I struggled to convince him. More than anything, I longed to stop the deaths. “Don’t you understand?” I cried. “These urges rise up in me, and to fight them is futile. Urges despicable and gruesome—animal urges like those of a mad dog or—or a trapped and tortured hyena. With instincts most wretched and ruthless. And those I feed on could become like me, ravenous, diseased. We will all kill to live and live to kill because the force that drives my wretched existence cannot be denied. Even cancer cel
ls will destroy their host to replicate and thrive, just as the severed head of a poisonous snake will still clamp on the hunter’s hand and discharge its poison. Not for nothing have vampires inspired terror and repulsion, been despised and found hideous by all mankind. Look at me! A monster! A predator preying on the helpless, victims of their own innocence. So, Ben, grant me this one last gesture of devotion. Say you will do it.”
Ben sighed and placed his huge hands over his eyes. “I will, Mr. Barnabas. I’ll do what you want.”
Mother, I felt a great sense of reprieve. My body was lighter, and I sighed deeply. “And when I am gone, remember what was good about me. Remember me as I was.”
Ben, poor helpless peasant, torn between loyalty and obedience, was weeping again. And as soon as I had his promise, I knew I would extract another. And I now admit to you, this request was one of the utmost selfishness, and it was my doom.
“Just one last thing, Ben.” He lifted his rheumy eyes to mine. “Before I go, I must see her again.”
“Not Miss Josette!”
“Yes.
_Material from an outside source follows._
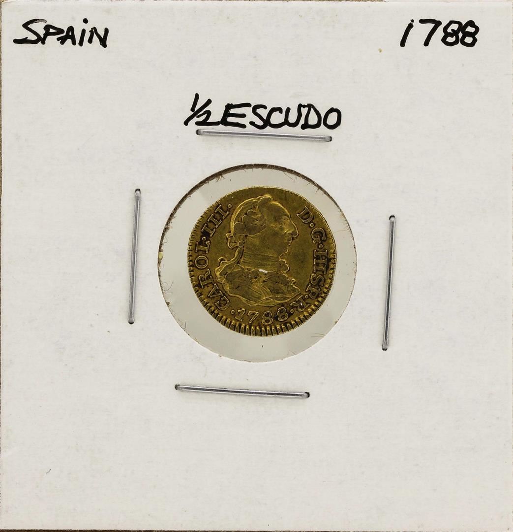 One 1788 Charles III Spanish 1/2 Escudos Gold Coin.

I can say good-bye to everything in this world except her.”
“But she thinks you are dead!”
“I will go quietly in the night, while she sleeps. She will never know I was there.”
“But what if she wakes up?”
“She will not wake. I will want to wake her, want it desperately, to—hold her, to—to take her with me…” I could not finish my thought. “But I love her too much for that. I will return before dawn, and you must be here to do what you have promised.” I reached for Ben and embraced him. “Good-bye, true friend,” I said. “Do not fail me.”
I came to Josette’s room in the form of a bat, hovering at her window, and I saw her sleeping in the moonlight, the crocheted canopy of her four-poster bed casting spiderweb shadows on her coverlet and across her face and form. It was as if she slept in a cloud, all downy quilts and soft stuffs. She wore a blue satin gown that clung to her shoulders, and her dark curls were spread across her pillow. Her lips were parted and the fragrance of her breath came to me, the odor of mint. As I settled on her carpet and leaned over her, I was struck breathless by her satiny cheek, like the petals of a flower, her heart-shaped face, and dark lashes that twitched as though she saw something in her dream. But what pained me more than her beauty, or even her purity, was my helplessness in the presence of her loyal and unselfish soul.